By Sammy Stein
Han Earl Park, Pat Thomas, and Lara Jones need little introduction to fans of alluring, free music but for those not familiar with them, Park is an improvising musician who specializes in guitar and percussive music. He is a shapeshifter of a musician, a chameleon who transfers easily from beautiful passages to discordant ruminations. His music is joyful, energetic, and packed with rhythm patterns as changeable as they are engaging. He has performed with Lol Coxhill, Wadado Leao Smith, Mark Sanders, Evan Parker, and more.
Lara Jones is an experimental producer, DJ, saxophonist, keyboardist, and lyricist, who creates high-energy music and has worked with fellow artists in various ensembles and formats. Her music transcends genres, and Jones refuses to be boxed in by genres or gender definitions.

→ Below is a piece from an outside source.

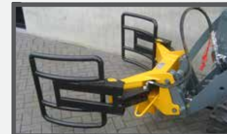
NL BALENKLEMMEN EN BALE CLAMPS DU BALLENZANGE FR GRIFFES POUR BALLES
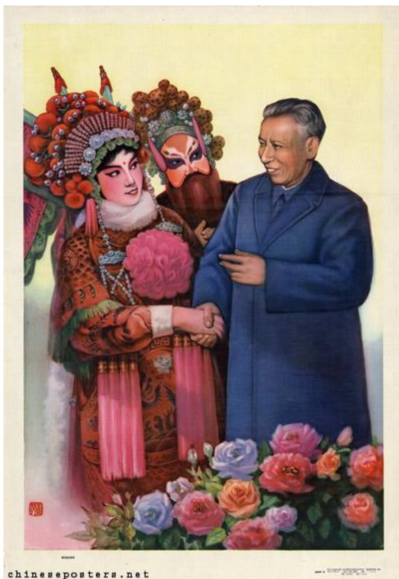
Avtor: Meng Yingsheng (孟英 声) Leto: julij 1981 Ljubeča oskrba Qinqiede guanghuai (亲切的关怀) Založnik : Sichuan renmin chubanshe (四川人民出版社)

Pat Thomas began playing classical piano as a child but switched to jazz in his teenage years. Renowned for his intense, amorphic music, Thomas is an inspiration for improvising musicians. He was integral to the Black Top Project with Orphy Robinson and has performed with Hamid Drake, William Parker, John Butcher, and many others.
Park, Jones, and Thomas are Juno 3, and on Proxemics they demonstrate the achievements of a trio in live performance with intrinsic skills in listening, playing, and collaborating. The album was recorded live during the trio’s performance at London’s Cafe OTO for the EFG London Jazz Festival in November 2023.

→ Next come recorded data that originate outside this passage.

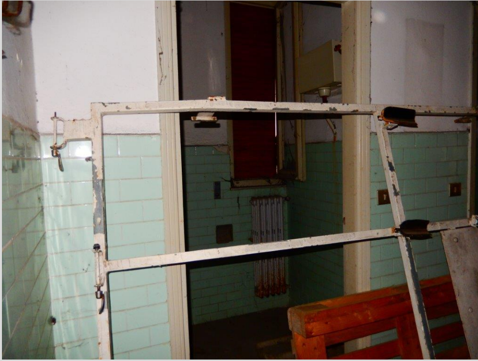
Vista Interna: Lotto 3 – FG. 17 MAPP. 378 SUB. 16 Bagni
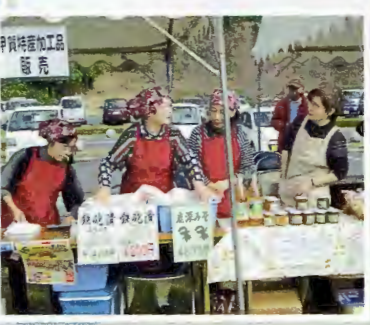
特産加工販売グループ
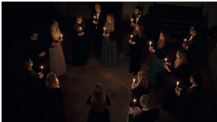
O du stille Zeit - Adventskonzert - Kammerchor Wernigerode - Schlosskirche St. Aegidien, Sa, 16.12., 17 Uhr
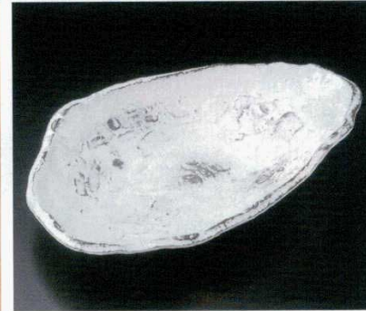
17814-244 粉引変形大皿 4,500円 20入 (36.9×23.6×4.9cm)
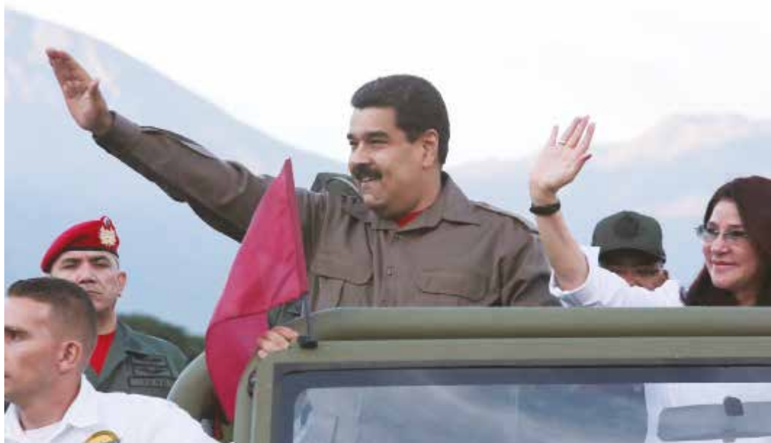
Debemos buscar la unión nacional para mantener la paz.

“Todas las unidades de nuestro Comando Antiextorsión y Secuestro están altamente capacitadas, equipadas y adiestradas con vehículos que han sido transformados en cuanto a su confección, a su dinámica, y han sido transformados desde el punto de vista técnico para que estas unidades cumplan con su cometido”, señaló Rivero, al mismo tiempo que enfatizó la especialización de este grupo de élite para combatir el paramilitarismo que existe en el país. •

The music is in two parts, ‘Derealization’ and ‘Proxemis’ respectively representing two sets performed at Oto. Each track, let alone six-track set, feels like an exploration into different ways guitar, sax, piano, and electronics can be melded in an improvised performance.
From the screeching eeriness created in ‘Derealization I’ where vaguely connected electronic harmonic runs give way on occasion to melodic, then non-so melodic interjections from the sax, there are themes, counter-themes and an exchange of ideas, often thrown down by Thomas for the others to reflect – albeit changed. This pattern is further explored in ‘Derealization II’, III, IV, with added melodic lines from the guitar in V and VI. Spot the opening of a melody from an old sixties track (Popcorn) in Realization II that sits alongside current, visceral electronic sounds for the briefest moment and then relish the simple melodies that interact with complex, guttural squawks, whistles, engine noises and vaguely harmonically linked lines from sax and guitar.
The ’Proxemics’ set is more intense and power-driven than the ‘Derealization’ set. ‘Proxemics I’ sees the energy building as quartets of chords chase across the background, while gentle guitar notes weave their way into and out of the sound. There is a set rhythm pattern for most of the track, under and over which the improvisers weave different, yet connected sounds. Proxemics II develops the exploration further, and Proxemics III introduces another dimension – rivulets of sound that fall from the keys, keynotes held by the sax, and the guitar deftly filling the gaps, like splashes from the pool. The quietude of the second third is dispelled as the instruments crash in to take the sounds up and loud.
The music is challenging in places–visceral with confronting rhythms and keys that merge – almost–before veering off in different directions, creating a sense of clashing ideas, yet a willingness also to (eventually) end up on the same musical path.
It is music for the open-minded and at times, the tonality is so jarring that it takes the listener somewhere else, only to be brought back to the present by a snippet of melody or harmonic progressions before another clash of sounds impacts the brain and the mist descends again.
These three musicians know what they are doing – the sound is integrated, yet audacious, swashbuckling yet provocative. This is improved music as it should be live and played well.
Park says of the recording, “During the mix, I came to realize this unapologetically unrefined music was probably unreleasable, but I also came to love it more for being delicate as a slab of granite.”
I think Park missed something, for hidden amongst the power, energy, and intensity, there is a delicate beauty that exists in all truly improvised music.